J.-C.D. : Les institutions sont obligées de monter des dispositifs, comme les programmes intergénérationnels, parce que notre société a oublié des fondamentaux. Dans le monde, cinq zones bleues, Okinaya au Japon, Nicoya au Costa Rica, Ikania en Grèce, Loma Linda aux Etats-Unis et un village de Sardaigne. ont une moyenne de centenaires plus élevée qu’ailleurs. Qu’y a-t-il de commun entre ces territoires ? C’est très simple: les gens y ont des nourritures saines et frugales, mais variées. Naturelles car souvent ils ont encore leur petit jardin, ce qui veut surtout dire qu’ils ont une activité physique, modérée, qu’ils sont chez eux, dans leur village. Ils conservent donc des liens sociaux, dans une vie routinière et pas stressante. On tient aujourd’hui de plus en plus compte de l’effet de notre environnement, dans ses multiples acceptions, sur nos gènes, de sorte qu’une pathologie va se développer ou non. C’est l’épigénétique. Nous en parlerons aux EME. Je pense aussi qu’il faut laisser les personnes âgées faire elles-mêmes des choses plutôt que les faire pour elles. Elles retrouvent l’esprit d’initiative et une raison d’être.

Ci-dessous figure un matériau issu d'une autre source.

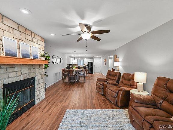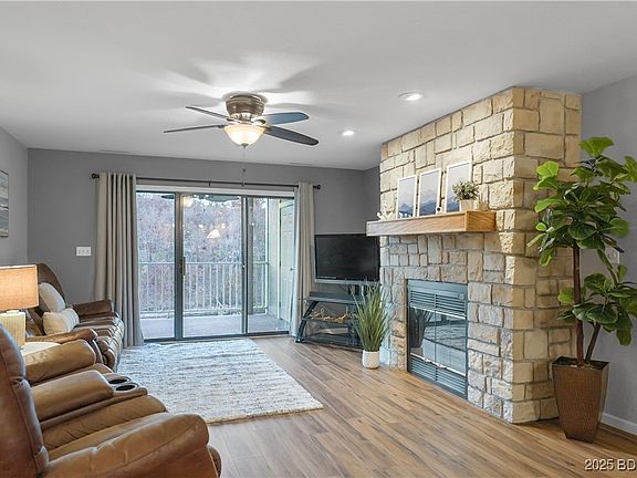 Your search for BIG space, BIG deck, and BIG value at Lake of the Ozarks stops here. This 1,670 sq ft, 3-bedroom, 2.5-bath Lazy Days condo delivers rare size and lake access inside Lake of the Ozarks State Park. Turn-key and fully furnished, the décor, layout, and updates are ideal for owners who want a ready-to-enjoy lake place where vacation rentals are allowed and the styling is spot-on for strong guest appeal. New LVP flooring, stainless appliances, an open kitchen with breakfast bar, dining area, and a stone fireplace anchor the main level. The oversized covered deck expands your living space and includes a large storage closet for lake gear. Enjoy cove-protected water with wooded state-park shoreline and a 10×30 slip in the community dock with Wet Steps and fish-cleaning stations. Lazy Days amenities include two lakeside pools, grilling pavilions, playgrounds, a lakeside boardwalk, trailer parking, and swim access at the docks. Deep water, calm cove, and excellent access to Dog Days, Wobbly Boot BBQ, State Park Marina, The Oaks Golf Course, Lake Regional Hospital, dining, shopping, and Hwy 54. A hard-to-find, large-format condo in a prime Osage Beach location.

Comment la charte trouve-t-elle sa place dans les EME ?

L. B. : Nous avons lancé un concours entre les communes signataires de la charte pour valoriser leurs actions ; il récompensera 3 lauréats dans chacune des 3 catégories : Bien vieillir chez soi, Bien viellir l'esprit en éveil et Bien vieillir Ensemble. Les projets sélectionnés seront présentés en juin sur le plateau télé des Entretiens médicaux d’Enghien, et le palmarès final sera dévoilé lors du colloque du 12 octobre.

J.-C.D. : La première action de prévention, c’est l’information. Dans tous les domaines médicaux d’ailleurs et pas seulement dans celui du bien vieillir. Or les médecins sont formés à traiter plutôt qu’à prévenir ; on ne les consulte pas pour ça. L’information doit donc être assurée par des relais comme nous. Nous réalisons par exemple une petite capsule « 2 minutes pour comprendre » qui donne des conseils pratiques, ça peut avoir . Dans les Entretiens médicaux d’Enghien, nous tenons beaucoup à la mixité : les professionnels de santé, les techniciens et le grand public. Celui-ci doit découvrir les progrès des connaissances. Dans les stands nous montrerons des produits innovants, qui apportent une vraie amélioration ; dans les conférences, nous ne traiterons pas des pathologies mais au contraire des thérapies qui permettent de les vaincre. C’est délibéré. Dans mes émissions, à un public qui compte des malades, je veux délivrer un message positif. La vieillesse nous fascine et nous angoisse. Pourtant, nous avons aujourd’hui plus que jamais les moyens de bien vieillir.